In 2001, Lindo starred in several diverse film roles. After playing a space traveling cop navigating wormholes in pursuit of a murderer (Jet Li) in the martial arts sci-fi action flick, “The One,” he appeared alongside luminaries Robert Redford, James Gandolfini and Mark Ruffalo in the ham-handed military prison drama “The Last Castle.” He next appeared in David Mamet’s “Heist,” another in a line of crime dramas from the former playwright depicting backstabbing thieves spouting clipped dialogue laden with sharp profanity and wearied machismo. Lindo returned to television, playing a mentally retarded man who meets same (Kirstie Alley) at an institution and starts a family with her over the objections of authorities in the made-for-TV movie, “Profoundly Normal” (CBS, 2003). After playing the creator of a ship sent to detonate a nuclear weapon inside the Earth’s core in the dreadful sci-fi actioner, “The Core” (2003), Lindo appeared in the big budget adventure, “Sahara” (2005), starring Matthew McConaughey, Steve Zahn and Penelope Cruz.

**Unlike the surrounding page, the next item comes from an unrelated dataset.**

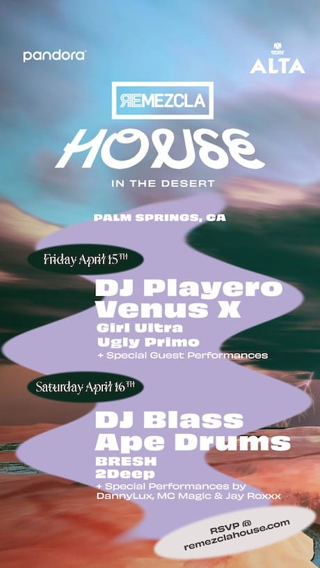What: This year Coachella will have the largest Latinx lineup in its history, making it one of the most important multicultural music festivals of the year. For two days, for the opening weekend of the festival, Remezcla House will be throwing a daily party that celebrates the Latinx representation and energy at this year’s festival. The parties will be an extension of the festival bringing together some of the best Latinx music, performances of established and upcoming artists, as well as content capture and photo opportunities.

Lindo switched over to the small screen for a spell, appearing in “The Exonerated” (2005), a made-for-Court TV movie adapted from a play written by Jessica Blank and Erik Jensen about six wrongly accused people whose death row sentences are overturned through the hard work of dedicated lawyers. The stories—taken from real-life cases and culled from mountains of court testimony, interviews and letters—were devoid of any political arguments for or against the death penalty, allowing the stories of the wrongly accused to be told with maximum emotional impact. Lindo next gave a standout performance in the award-winning cable movie, “Lackawanna Blues” (HBO, 2005), playing Mr. Luscious, a one-armed man with a strange past who, along with an assorted cast of characters, lives in a boarding house run by a strong and dignified woman (S. Epatha Merkerson). After a small role as a bail bondsman in “Domino” (2005), a true-to-life tale about a former fashion model turned drug-abusing bounty hunter (Keira Knightley), Lindo was cast in his first regular series role, playing a soon-to-be retired FBI agent brought in by an independent investigator (Jeremy Sisto) to help solve a kidnapping involving the teenaged son of a wealthy family (Dana Delany and Timothy Hutton).